Figure 5.

Release of MBD2 protein from the 14-3-3σ promoter after reactivation in non-14-3-3σ-expressing prostate cancer cells.

1. ChIP assay of MBD2. The formaldehyde crosslinked chromatin was immunoprecipitated with antibodies specific for MBD2. Purified DNA was amplified for the 14-3-3σ promoter as described in Fig. 4. MBD2 dissociate from the 14-3-3σ promoter-associated CpG island following treatment of LNCaP and Tramp-C1 cells with 5-aza and TSA, as described in Materials and Methods. Controls show input genomic DNA before the addition of antibody and eluants from no antibody immunoprecipitations.
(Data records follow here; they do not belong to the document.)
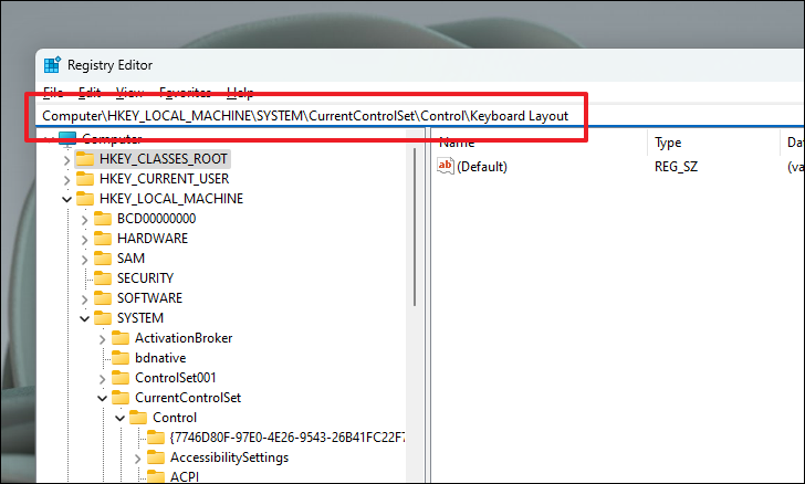 Computer\HKEY_LOCAL_MACHINE\SYSTEM\CurrentControlSet\Control\Keyboard Layout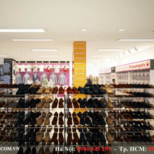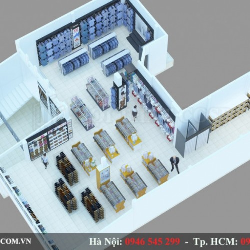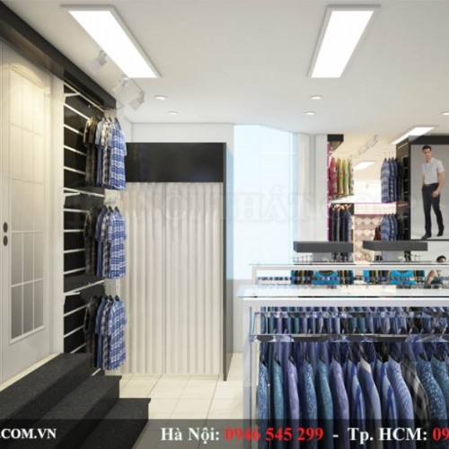 Hiểu được điều này, đội ngũ KTS của chúng tôi - Hoàng Gia Interior cùng với kinh nghiệm hơn 1 năm trong nghề đã sử dụng phong cách hiện đại cho mẫu thiết kế shop thời trang của anh Sơn. Trong mẫu thiet ke shop thoi trang này, chúng tôi phân vùng không gian shop ra thành các khu vực như khu vực trưng bày giày dép, quần áo nam, quần áo nữ... mang đến sự khoa học và bắt mắt. Đồng thời, việc phân chia như vậy giúp không gian shop thời trang trở nên chuyên nghiệp hơn, thuận tiện cho khách hàng lựa chọn sản phẩm.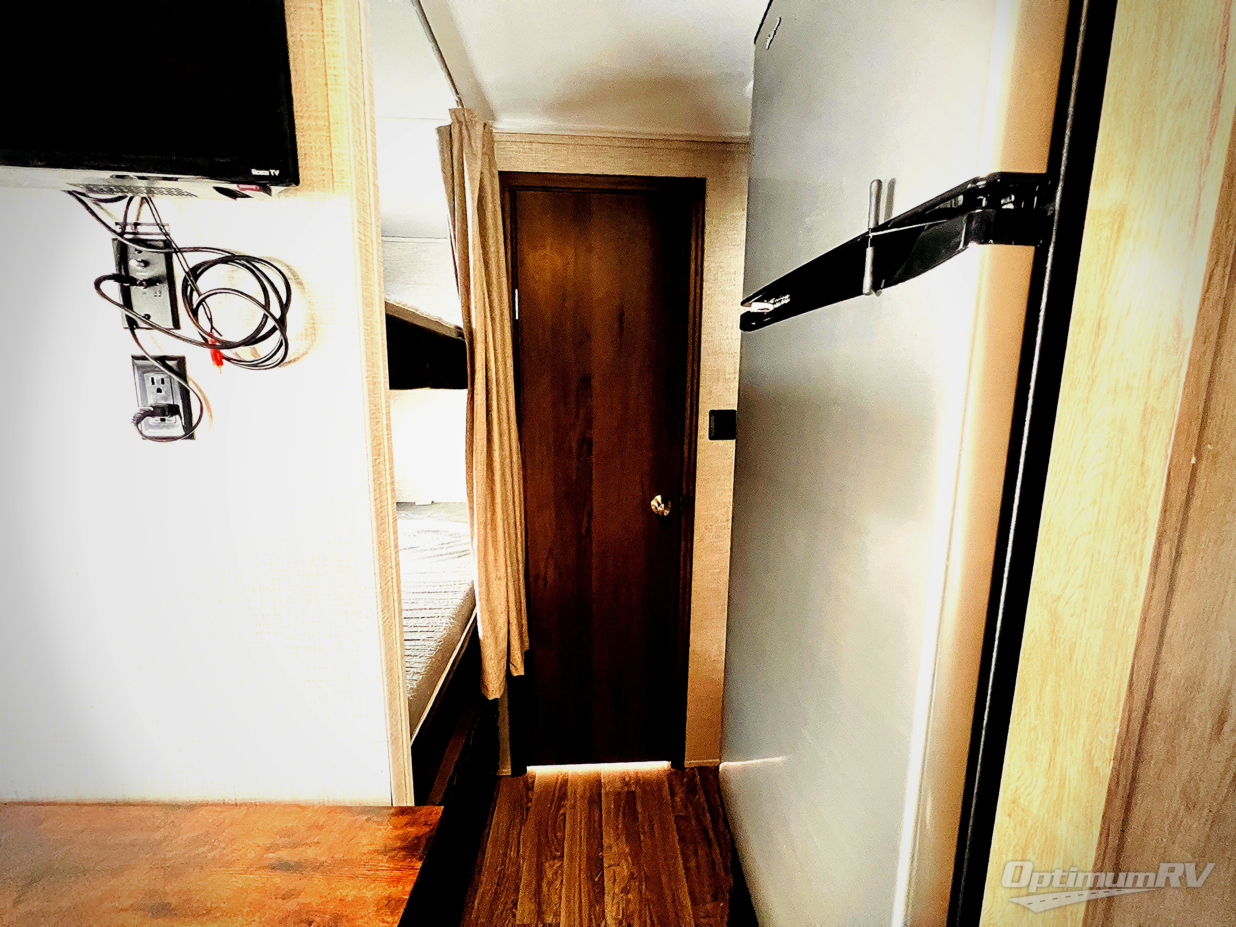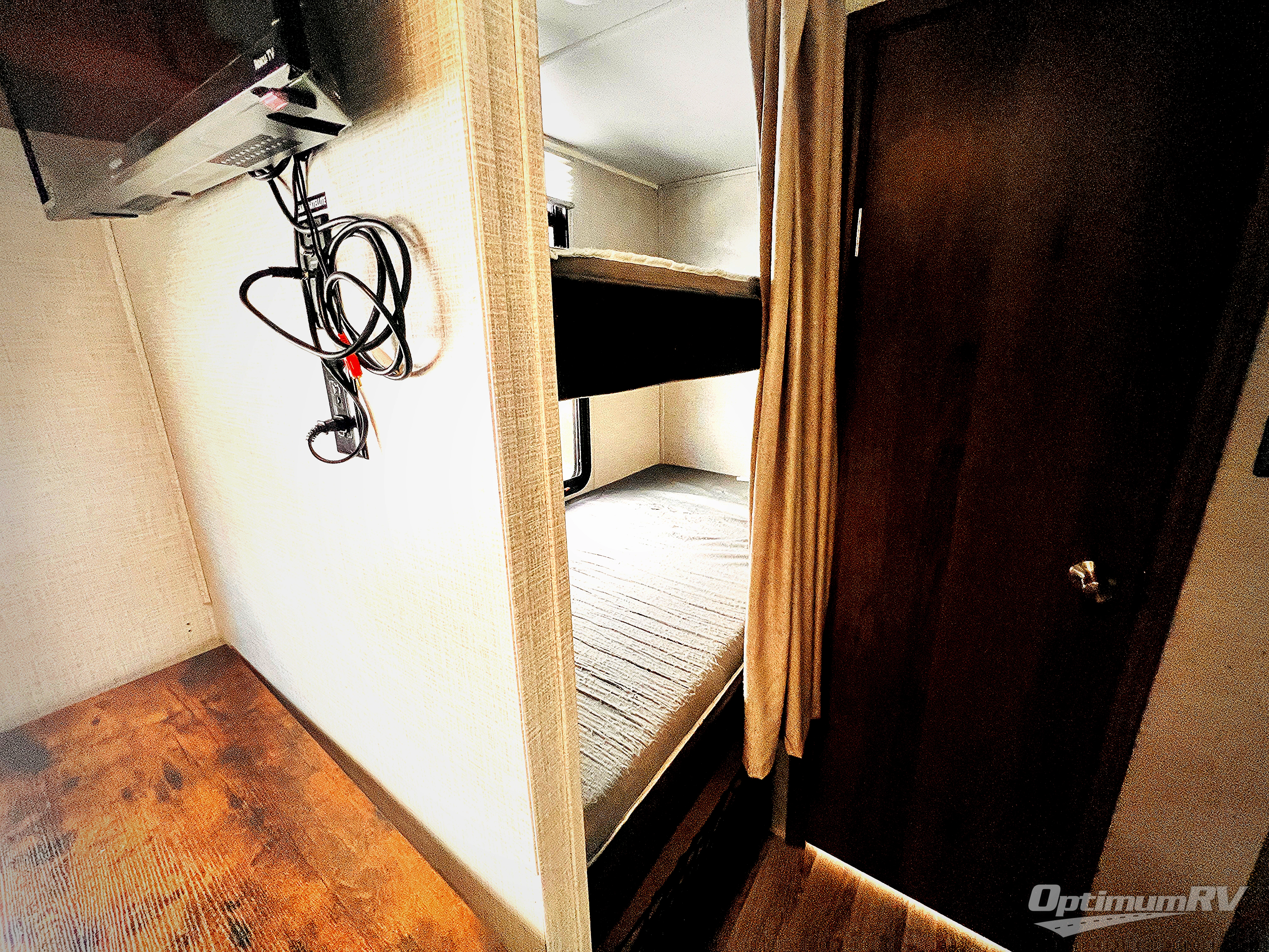 Where will your next scenic destination be with this Della Terra travel trailer? You'll be able to explore your favorite mountain range or hike within your state's local park while still enjoying home-like comforts at the end of the day. The king-size bed will provide the ultimate relaxation throughout the night, and the double-size bunks will provide such a fun experience for your kids. You will be grateful that the private toilet and shower/tub room with a bath sink just outside the door is located right next to the bunks so that your kids don't have to wander far in the middle of the night. When the sun rises, you can all come together with a hot breakfast at the booth dinette and jackknife sofa. And you might like to add the optional outside kitchen with a fridge and pull-out griddle for more choices when cooking.

2. Quantification of the MBD2 ChIP fractions on the 14-3-3σ promoter as described in Fig. 4. Each bar represents triplicate analyses of mean ± SD where significant difference from cells treated with vehicle alone (control) is represented by an asterisk * (P <0.05).
3. MBD2 protein expression in total cell lysates from 5-aza and TSA-treated and untreated PC3, DU145, LNCaP and Tramp-C1 cells. Equal amounts (100 μg) of protein from control or treated cells were separated by SDS-PAGE, transferred to a nitrocellulose membrane, and subjected to immunoblot analysis with antibodies specific for MBD2 and GAPDH. GAPDH was utilized as a loading control.
4. Bar diagram showing densitometry quantified data of MBD2/GAPDH protein expression ratios from three independent experiments. Each bar represents triplicate analyses of mean ± SD.